今日の草履は、彩シリーズLグループ25cm土踏まず付き〔4500円〕
昨日と同じベースに、合わせを緑にしました。若干年齢層が若くなった感じでしょうか、男性用としてもお洒落な配色と思います。

三日前の2月15日は、いくつものニュースが飛び込んだ日でした。世の中嬉しいニュースがいっぱいある中で、いつもいつもそうとばかりは参りません。その日のニュースは三つ、すべてが「嬉しくないもの」でした。そのひとつが親類からの訃報、本来ならば喜寿を祝うはずの77歳、母方の叔父が亡くなりました。

温厚を絵に描いたような人柄で、まず怒った姿を見たことがない叔父でした。そうした人柄が今日の天気にも表れていたような気がします。朝から青空が広がった一日でした。
戒名は「温山厚賢居士」、まさに人柄そのものです。

今日が葬儀で、「入棺」から「おとき」まで一連の供養に出席して来ました。おふくろの兄弟姉妹は9人いて、年齢差は長兄と末子でかなり離れています。昔はフツーの家族環境ですね。その叔父や叔母たちもだいぶ年齢を重ねていますから、何年かに一度は連れ合いも含めて他界します。「無常」の世の中、ごく自然な在り方でしょう。

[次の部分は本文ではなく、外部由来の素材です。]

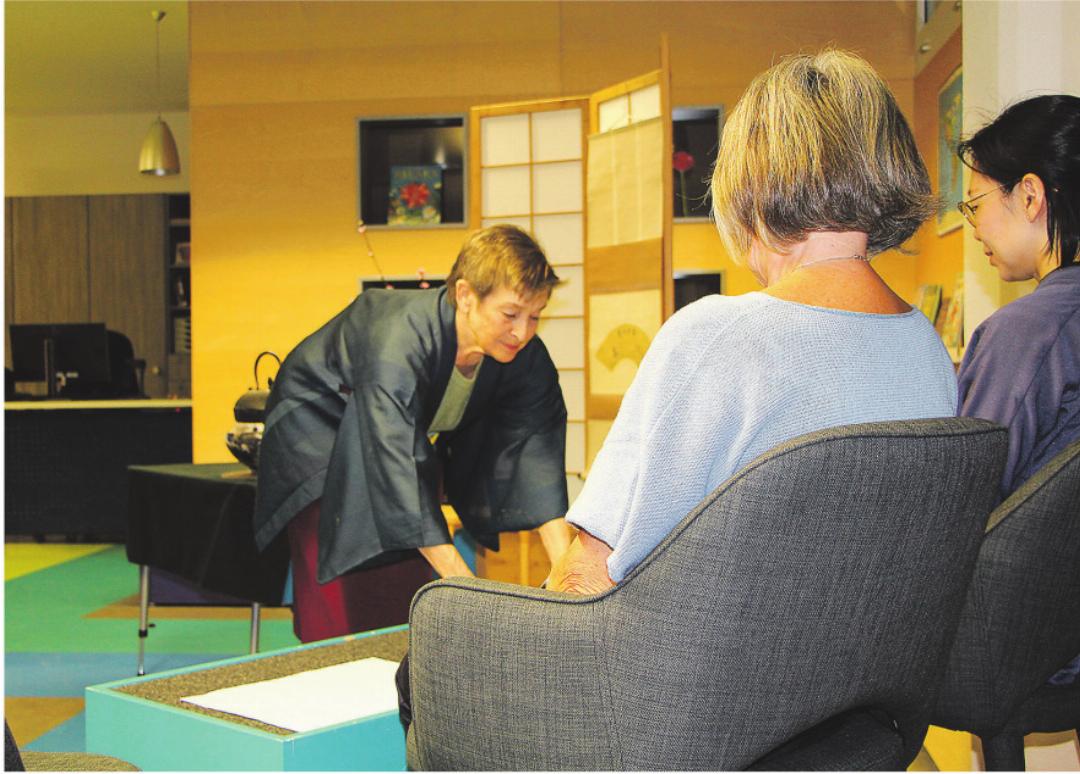 Verantwortlich für die Stille ist Evi Kienast. Nach einem kurzen Referat über die japanische Teekultur bereitet sie Tee zu – langsam, präzise, mit jeder Bewegung bedacht. Rund zwanzig Minuten nimmt sie sich Zeit für zwei Tassen.

このところの十年くらいは、叔父や叔母の加齢のために従兄弟がこうした冠婚葬祭へ出席するようになりました。中にはもう何年も会っていない顔ぶれもあります。そのたびに互いの近況報告、子どもの話、叔父や叔母の体調の話、子ども時代の話題で盛り上がります。今日もまさにそんな賑やかな葬儀と相成りました。

最近しみじみ思うんです、親類の葬儀は長い疎遠を防ぐために必要なんじゃないかと。故人を偲びながらも、過去に他界した親類の話が必ず出てきます。ときにこうした人たちが話題に上るのは、サイコーの供養であるという話を聞きました。
故人の年齢やいきさつでさまざまですが、一連の供養の中に「笑い」があります。これは決して故人に対して失礼とは思えないんですね。

さきほど葬儀宅から戻る際も、従兄弟たちと『また五年くらいのうちに誰か死ぬべぇ』と笑って来ました。もちろんその機会を心待ちにしているのではありません。ただ故人に対して、悼む心と共にそういう機会を設けてくれたお礼も言いたいんですね。
ご冥福をお祈りすると共に、久しぶりの親類に逢わせてくれて『ありがとう』。